The beneficial effect of this disclosure does: compared with the prior art, the method and the system for predicting the fish feed feeding amount based on the feature selection and the support vector can greatly improve the prediction precision of the fish feed feeding amount and predict the fish feed feeding amount in a shorter time. In the prior art, a random forest regression model is used for prediction, which is more convenient than the traditional technology, but when most of influencing factors are closely related to dependent variables, the key characteristics of fish feed prediction cannot be determined, so that the effect of reducing the calculation amount by the method cannot be achieved.
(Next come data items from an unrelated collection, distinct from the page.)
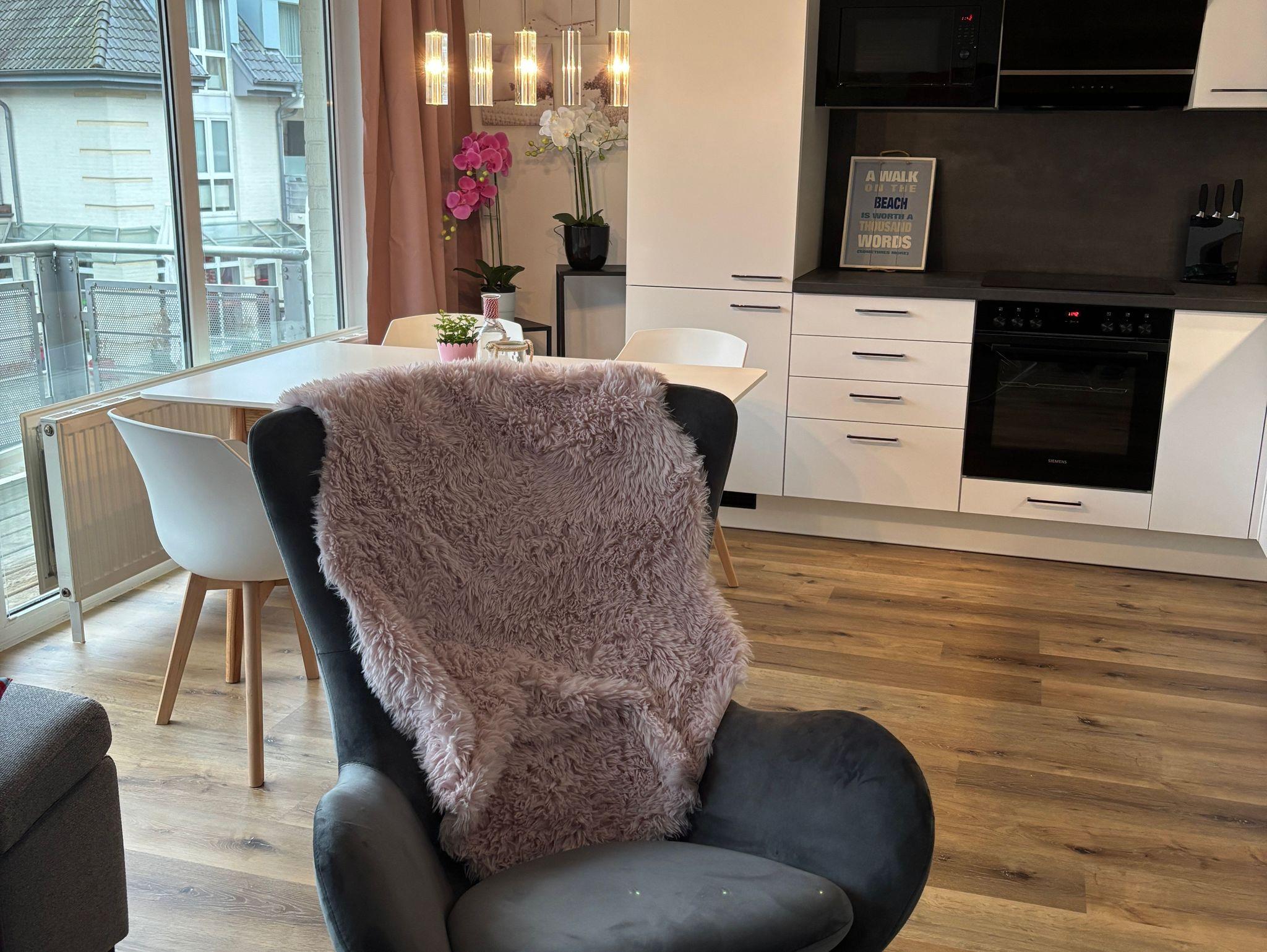 Ihre gut ausgestattete Zwei-Zimmer-Ferienwohnung für bis zu vier Personen verfügt über einen Balkon oder Terrasse, kostenfreies WLAN und sky-Empfang. Sie erreichen die Wohnung bequem mit dem Aufzug, für Ihren PKW steht ein Platz in der Tiefgarage zur Verfügung. Dort befindet sich zudem ein Waschraum mit Münzwaschmaschinen und Münzwäschetrockner und ein Platz für Ihre Fahrräder.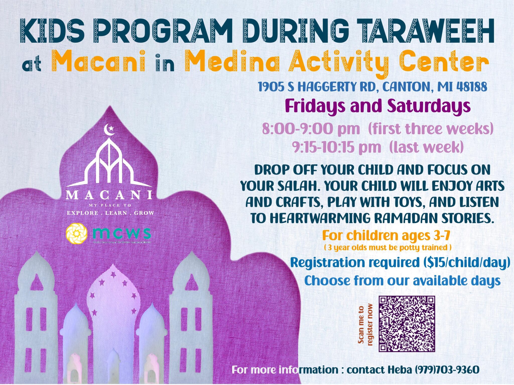 While you find your focus during Taraweeh, let your little ones (ages 3โ7) enjoy a night of joy at Macani. Our drop-off program at Medina Activity Center offers a fun-filled hour of:โขย Inspiring Ramadan storiesโขย Creative arts & craftsโขย Supervised playtimeEnjoy your prayer with peace of mind knowing theyโre falling in love with the masjid too!โ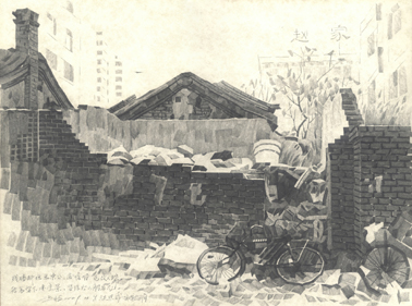 当第一张铅笔画在画板上形成,我自己都被眼前的景色震撼了!铅笔,这种特有的方式很完美地将胡同的古旧、残破、久远的风采表现了出来,像西风瘦马的情怀,像牧笛吹出的历史久远的歌谣……为此,我欣喜若狂!

The invention selects the model by using the Lasso characteristics, further screens the characteristics, further reduces the requirements on the quality of factors, achieves better effect, obtains the final predicted value by using the gray prediction model and the SVR algorithm, can obtain the fish feed feeding amount with high accuracy by the prediction model only by collecting less influence factor data sets, can help fishermen accurately put in the fish feed in real time, fully utilizes the feed, and achieves the effect of increasing the yield and increasing the efficiency and gain of the aquaculture industry.

Drawings

The foregoing and other features of the present disclosure will become more apparent from the detailed description of the embodiments shown in conjunction with the drawings in which like reference characters designate the same or similar elements throughout the several views, and it is apparent that the drawings in the following description are merely some examples of the present disclosure and that other drawings may be derived therefrom by those skilled in the art without the benefit of any inventive faculty, and in which:

FIG. 1 is a flow chart of a method for predicting fish feed dosage based on feature selection and support vector;

fig. 2 is a block diagram of a fish feed dosage prediction system based on feature selection and support vectors.

Detailed Description

The conception, specific structure and technical effects of the present disclosure will be clearly and completely described below in conjunction with the embodiments and the accompanying drawings to fully understand the objects, aspects and effects of the present disclosure. It should be noted that the embodiments and features of the embodiments in the present application may be combined with each other without conflict.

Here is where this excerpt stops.